Case closed tight, not to be re-opened.
Before I start calculating I have to ask, you’re not Warren Beatty are you? That would complicate the problem.
Ok, so I read up on this problem. There are quite extensive discussions about the various levels of ambiguity in this and similar problems, although the kind of ambiguity I pointed out was not totally on target.
Nope. You and pelican001 have changed the problem. It does not say, as pelican wrote in his Monty Hall analogy, that the first choice is given. It says one of the choices is given. If it said the boy was born first, you’d be right. The choices would be boy or girl, 1/2.

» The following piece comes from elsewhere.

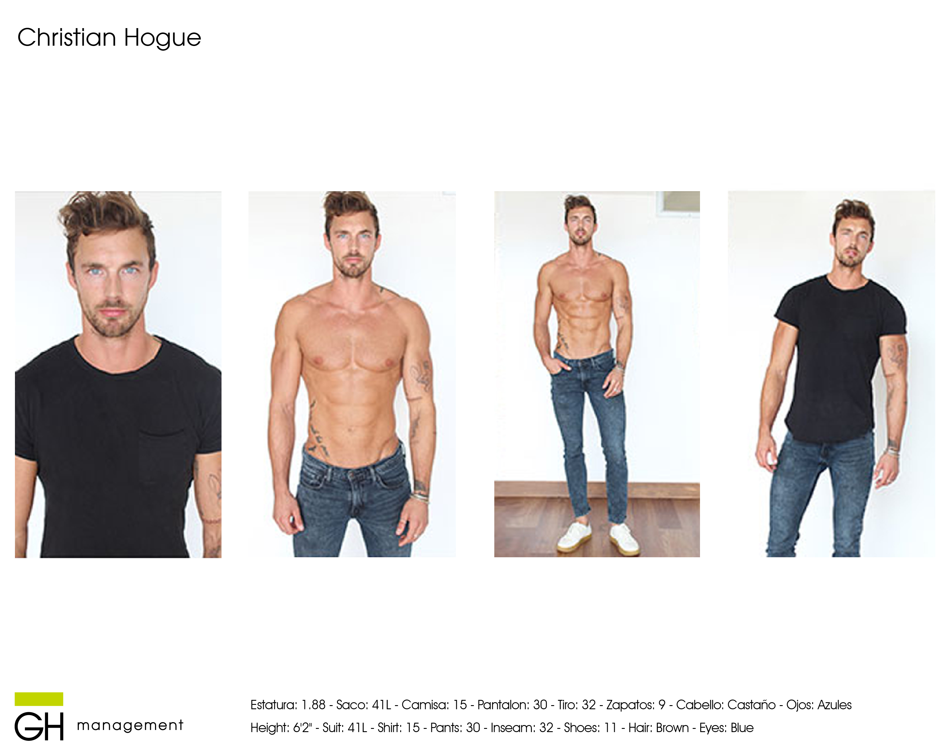 Estatura: 1.88 - Saco: 41L - Camisa: 15 - Pantalon: 30 - Tiro: 32 - Zapatos: 9 - Cabello: CastaƱo - Ojos: Azules

But the boy could be the first or second child, so it could still be boy - girl, girl - boy, or boy - boy. Only one of the three outcomes is true. Probability is 1/3.
Correct (if we assume chance of having a boy is always exactly 1/2).
“Boy, girl” and “girl, boy” are just two different names for the same possibility.
No, they are not. They are two of the three different possibilities for a pair of children where there is at least one boy and no funny stuff.
Say I have two children, Alex and Sam. If I tell you that at least one is a boy, but I don't say which, then we can list three possibilities, only one of which is that they are both boys.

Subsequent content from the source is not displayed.